"It's very satisfying to see something that you've worked 20 years on starting to show benefit for other people."
- Kevin Shafer on his work with the MMSD
Things like rain barrels or rain gardens are pretty common in the Milwaukee-area for both businesses and residential homes. But at the beginning of Kevin Shafer’s tenure leading the Milwaukee Metropolitan Sewerage District, it was extremely hard to convince people about the benefits of green infrastructure.
In fact, MMSD was very unpopular, even hated, when Shafer first started working there as an engineer. During the so-called “sewer wars,” Milwaukee’s sewer system released untreated wastewater into streams, rivers and Lake Michigan an average of 60 times a year. Today, that's down to just a couple of times a year.
That’s thanks in large part to Shafer’s leadership of MMSD since 2002. This month's Milwaukee Magazine issue highlights his time and work with the organization.

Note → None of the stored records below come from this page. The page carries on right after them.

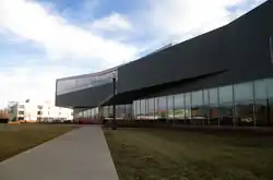 One of the newest additions to the campus is the Al Neuharth Media Center, named for the founder of USA Today. Dedicated in September 2003, the Neuharth Center houses the news and media organizations on campus, including the Freedom Forum’s South Dakota operations, South Dakota Public Broadcasting, the Department of Contemporary Media and Journalism, the campus newspaper The Volante, campus radio station KAOR, and television station KYOT. Formerly an armory and athletic field house, the building was converted into a media center through donations made by Al Neuharth, a 1950 USD graduate.[14]
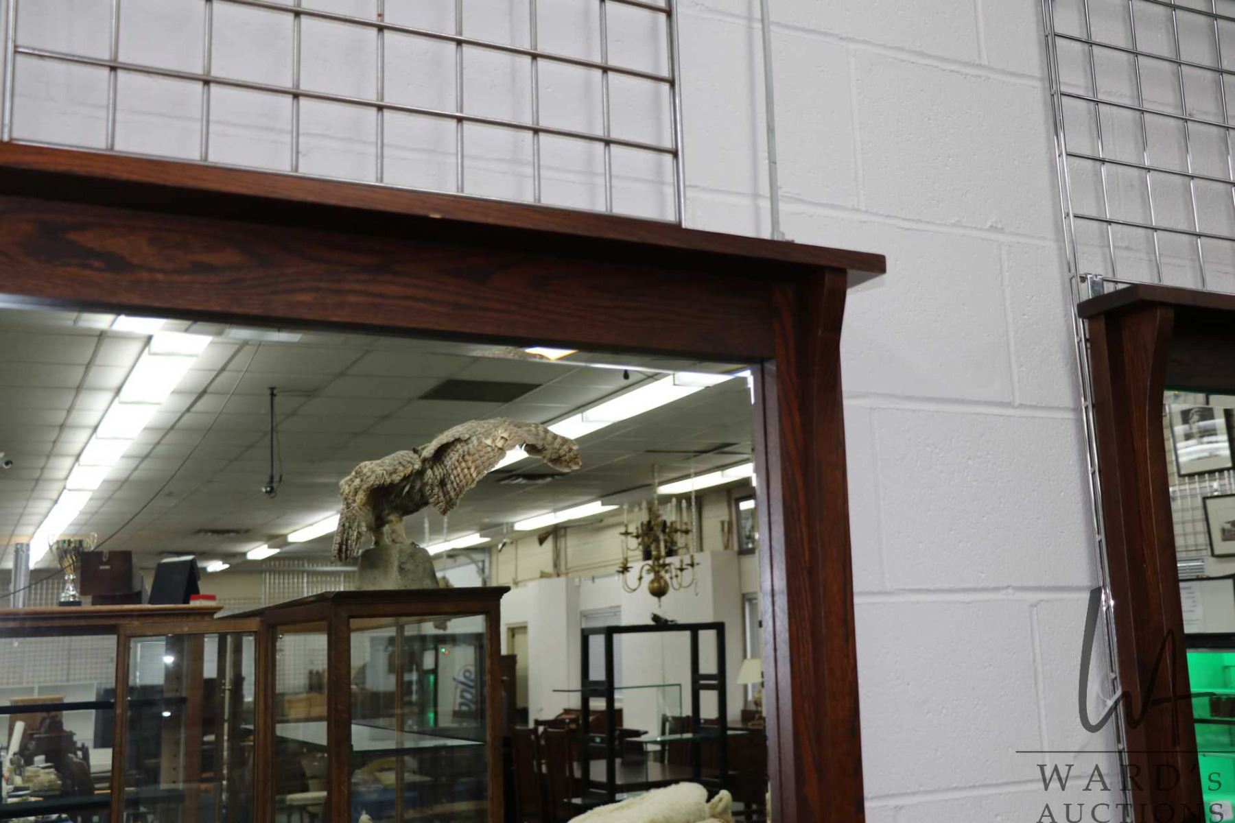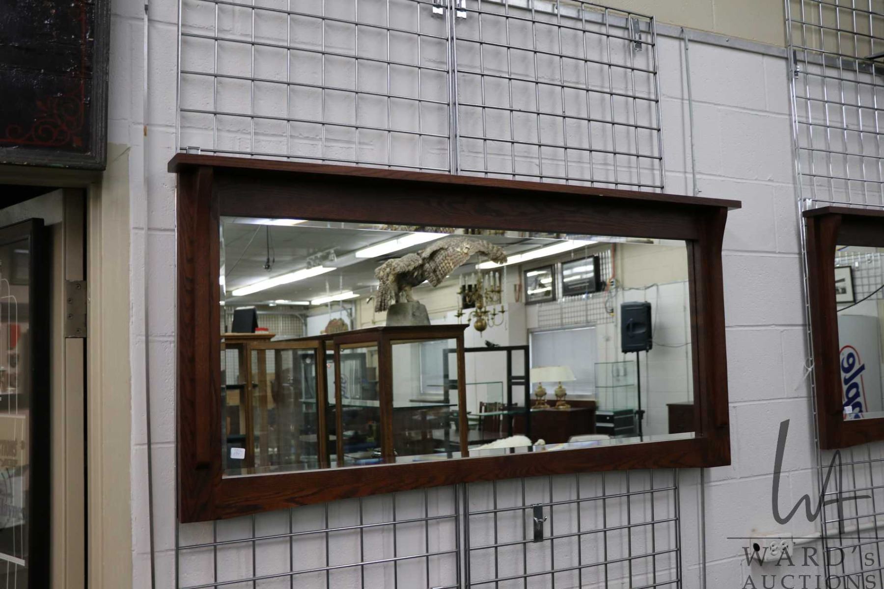 Modern quality made Mission style oak framed, bevelled wall mirror, outside dimensions 27" X 55"
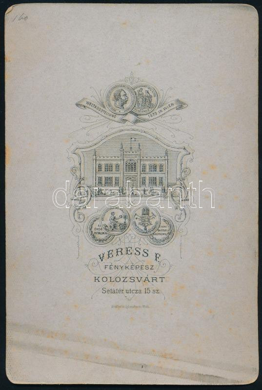 Beschreibung: cca 1885 Családi portré, keményhátú fotó Veress Ferenc kolozsvári műterméből, 16,5×10,5 cm
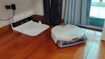 最后就是很烦人的自动清洁了,机器回到底座以后,会先自动清洁滚刷,然后进行风干,或者你放入充电盒子风干,再也不会有臭臭的情况发生了。
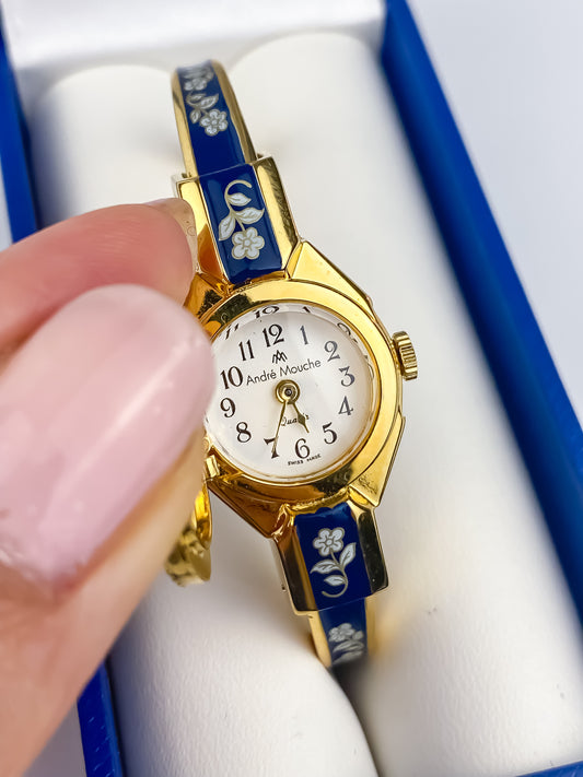 André Mouche Vintage Watch Peek a Boo Beige Blue
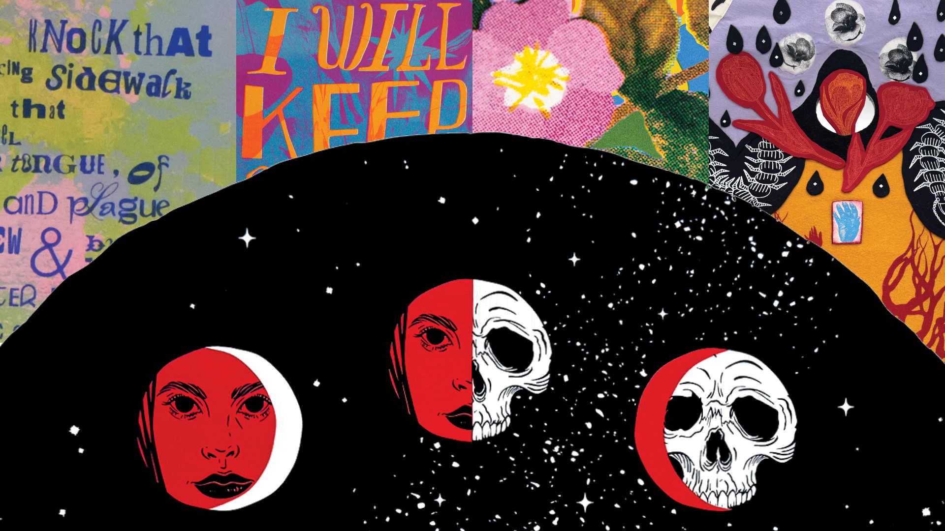 The red stars and creatures along the sides add a sense of protection and energy. Some shapes are inspired by anatomy, plants, and insects — all the powerful things that live inside and around us.
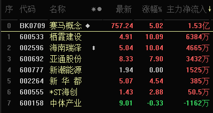 概念板塊方面,早盤賽馬板塊表現(xiàn)強(qiáng)勁,跳空高開并創(chuàng)出近期高點,截至午間收盤,早盤上漲5.02%。
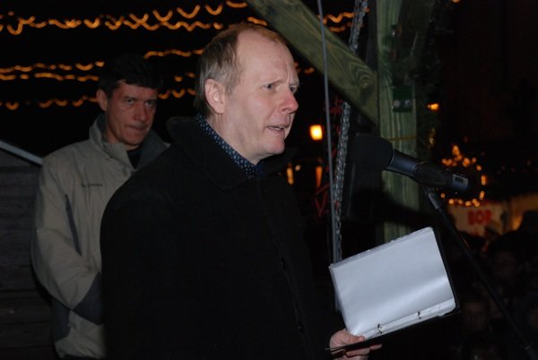 A harmadik adventi városi ünnepségen Bencze András evangélikus lelkész és dr. Gógl Árpád országgyűlési képviselő gyújtotta meg a gyertyát a növekvő fényt szimbolizáló koszorún. Bencze András ünnepi beszédében kiemelte, nem igaz az, hogy eltűnt az emberekből a szeretet iránti vágyakozás, hiszen csak körül kell nézni a Városház téren, hogy milyen sokan jöttek el a gyertyagyújtásra.
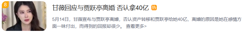 随后,话题“甘薇回应与贾跃亭离婚 否认拿40亿”冲上热搜。
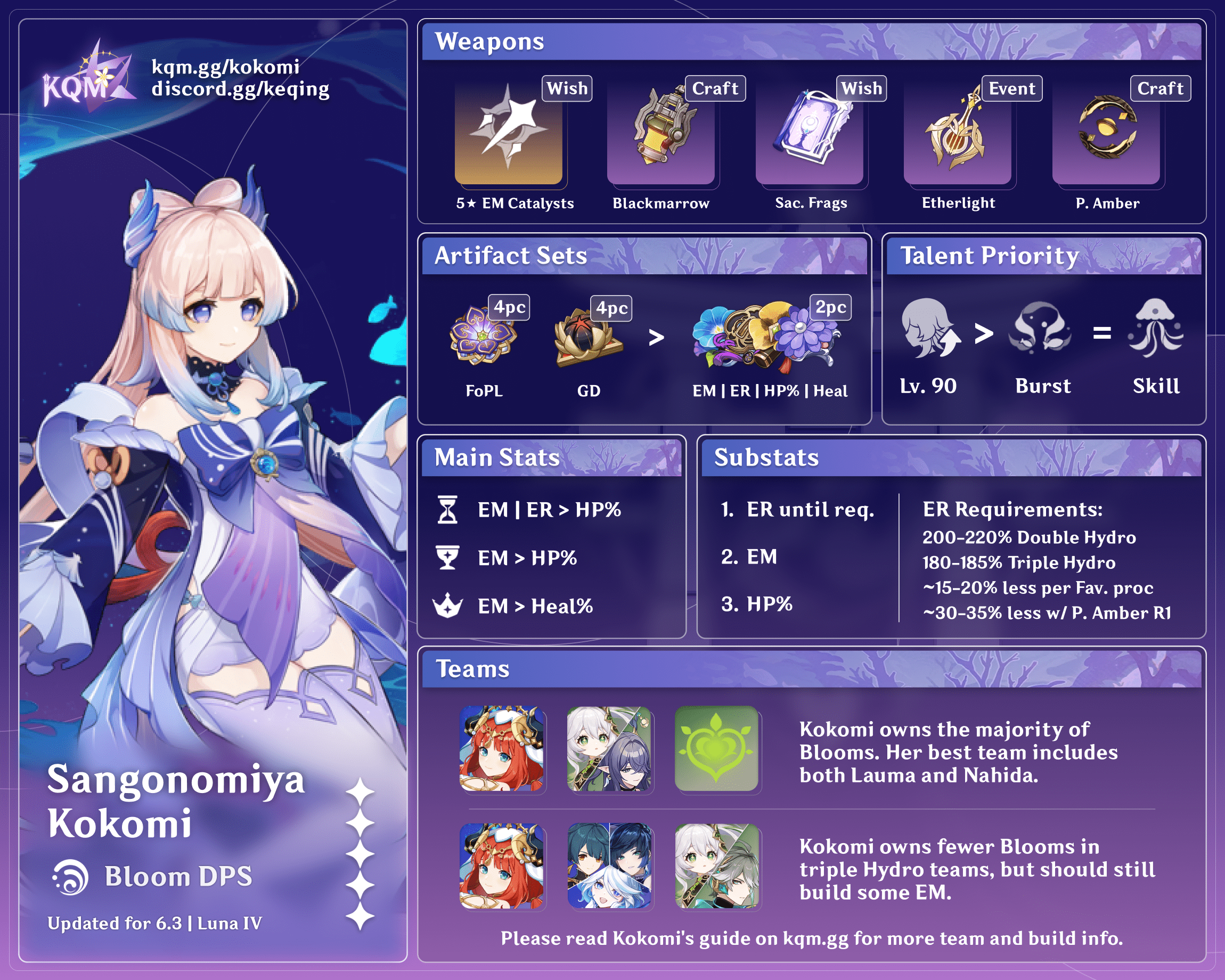 Currently, Kokomi can be played both as an on field enabler or an off field hydro unit. Both have their strengths and weaknesses but they are largely team dependent, so they will be somewhat combined in this guide.
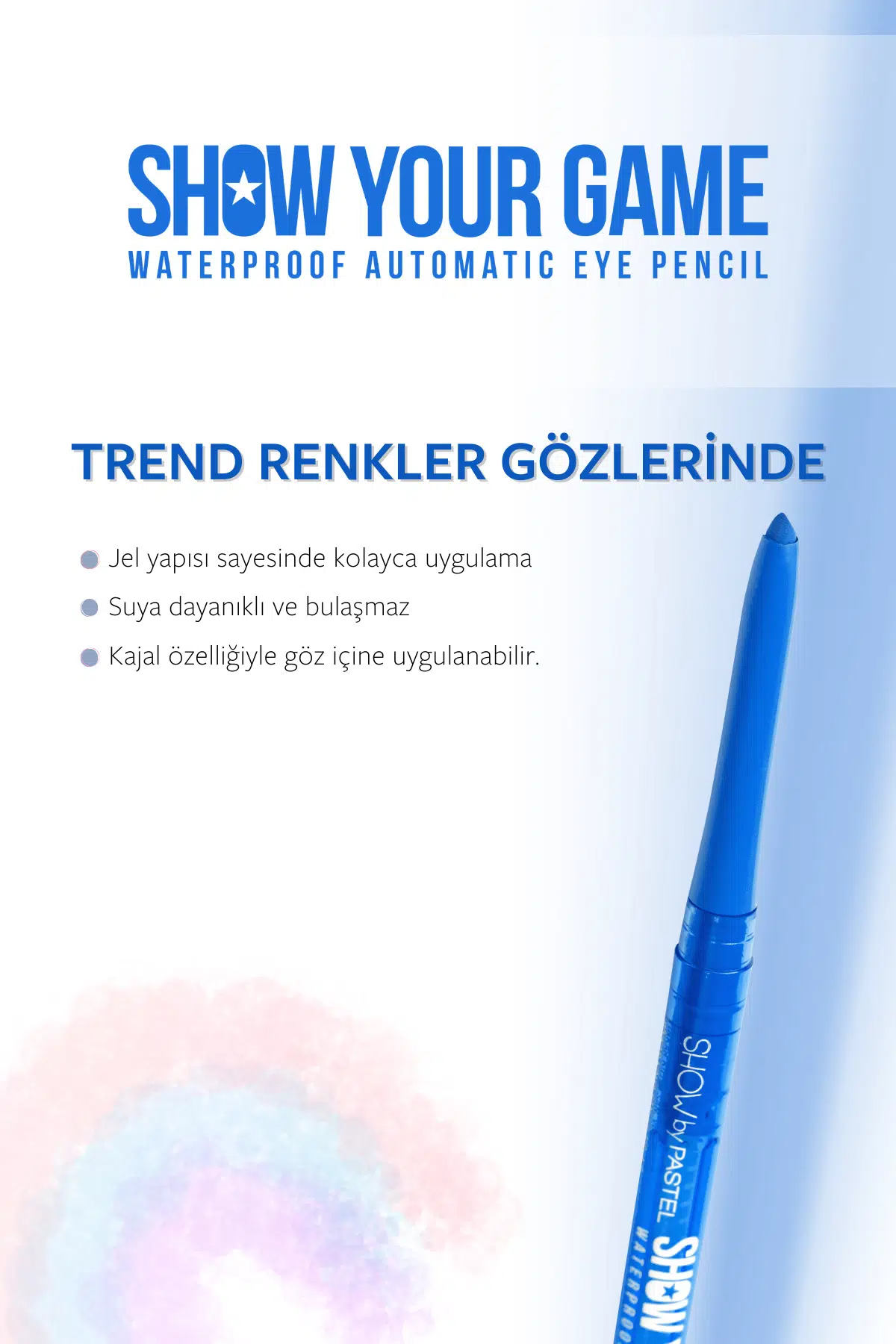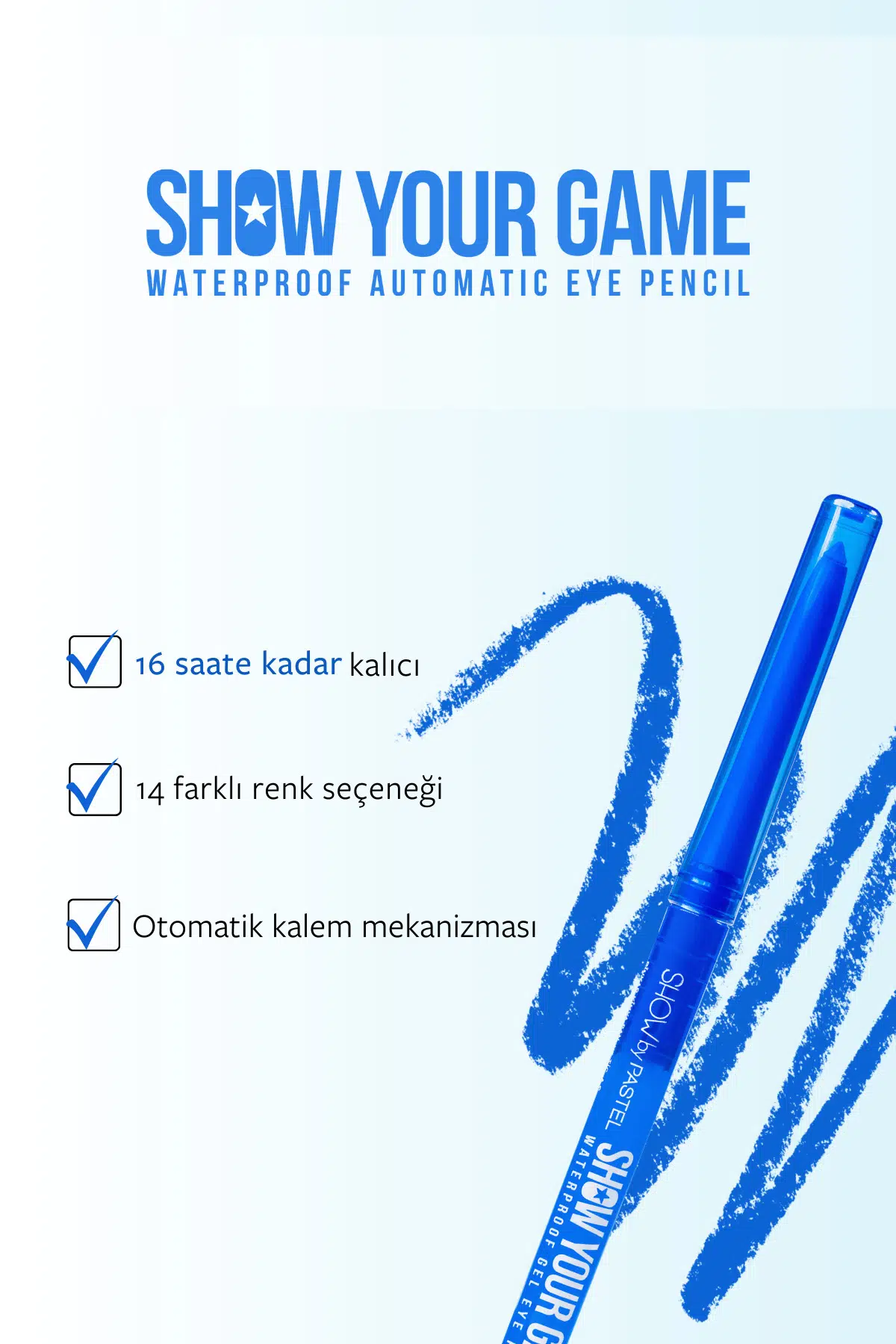 Muhteşem bakışlar yaratmanın pratik yolu Show Your Game göz kalemleri ile fark yaratın!Jel yapısı sayesinde kolay uygulama imkanı sunan Show Your Game göz kalemi, waterproof özelliğiyle 16 saate kadar kalıcıdır, bulaşmaz. Kajal özelliği ile gözünüzün içine de uygulanabilirken otomatik kalem mekanizması sayesinde kalemtıraşa gerek kalmadan pratik kullanım sunar.;Vegan, cruelty free, gluten free, paraben free, oftalmolojik onaylı ve helal sertifikalıdır.;0,28 g
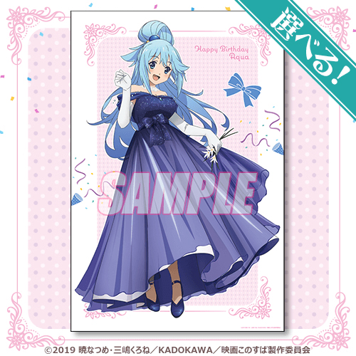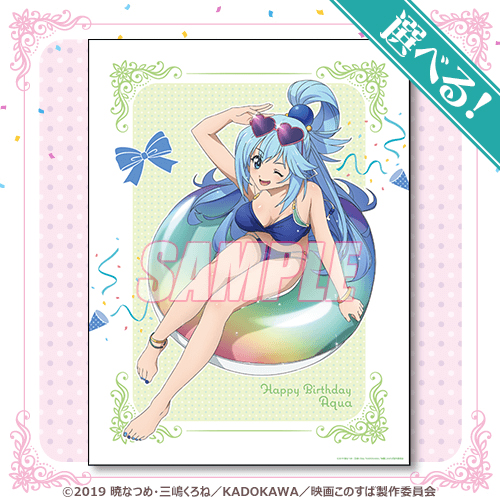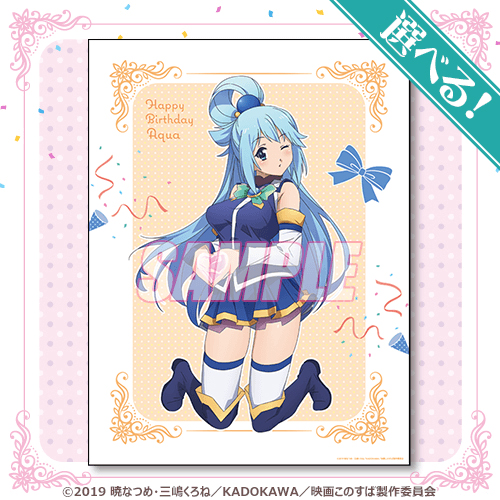 商品は“アクシズ教”のご神体にして、水を司る女神・アクアの誕生日を記念した、アニメ新規描き下ろしイラストによるオリジナルグッズとなります。
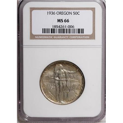 <B>1936 50C Oregon MS66 NGC.</B></I> NGC Census: (446/120). PCGS Population (462/132). Mintage: 10,006. Numismedia Wsl. Price for NGC/PCGS coin in MS66: $356. (#9345)<BR><I>From The Frank DuVall Collection of U.S. Commemoratives.</B></I><BR><BR><b>Shipping:</b> Coins & Currency (<a target="_blank" href="http://www.heritageauctions.com/common/shipping.php">view shipping information</a>\)
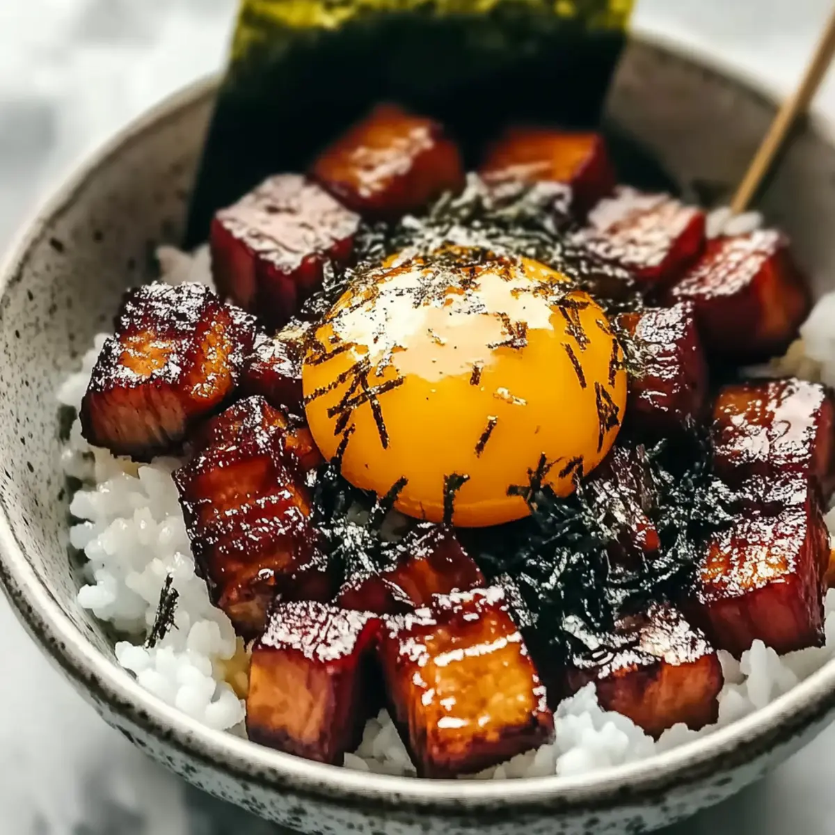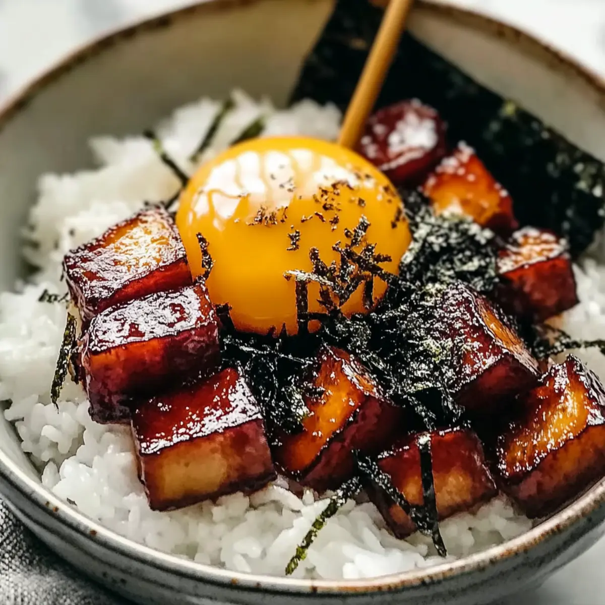 In a serving bowl, start with a generous scoop of fluffy rice as the base. Sprinkle a layer of furikake seasoning on top, then add crispy nori strips for added texture. Next, place the glazed Spam right on top of the rice, followed by your beautifully cooked eggs. Drizzle the remaining glaze over everything for a final burst of flavor.
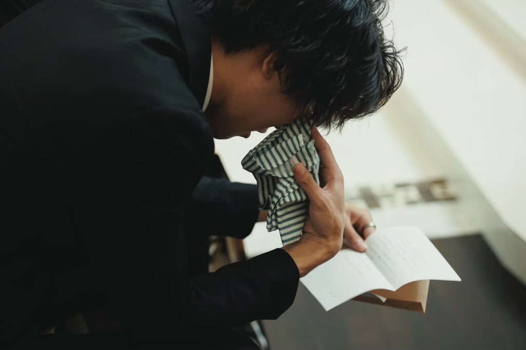 みなさんがゆうきさんの肩をトントンとすると、振り返りながら思わず涙が溢れます。それを見て、笑みが溢れるみなさん。そんなみなさんへ、今度はゆうきさんから…「ありがとう」「だいすきだよ」「これからもずっとよろしくね」と、想いのこもったお手紙と花束のプレゼントが。

While spending time on his grandparents' farm in his native central Illinois, Shafer developed an interest in water quality early in his life. After graduating from school and spending time in the Army Corps of Engineers, Shafer soon found himself at MMSD in 1998 as the head of the engineering department. When he arrived, the "sewer wars" were in full force.
"In 1972, the Clean Water Act passed, and almost immediately after that, the City of Milwaukee was sued for a combined sewer and separate sewer overflows into Lake Michigan by Illinois and Chicago," Shafer explains. "And so the sewer wars was a battle over who was going to pay for the deep tunnel, and for some of those improvements, basically pitting the in Milwaukee County communities against the out of Milwaukee County communities."
When Shafer became executive director, he inherited a system that allowed an average of about between eight and nine billion gallons of wastewater into Lake Michigan each year. One of his first tasks was changing the tunnel operation system from a computer algorithm to personal management, which drastically reduced the number of these incidents.
Another big focus for Shafer was responding to the threat that climate change posed to the water industry. Rain barrels weren't an overly popular idea in the early 2000s when Shafer first proposed them, but they've had an impact on the environment. "As those efforts grew, and as more and more came into operation, we're seeing more water being captured off those rooftops instead of going into the sewer system," says Shafer.
After over 20 years, Shafer is still invigorated to continue the work.
Shafer says, "Trying to make this community more resilient to climate change with less flooding; that's the stuff that brings me [joy] every day, and mostly it's working with some really phenomenal people here at the district."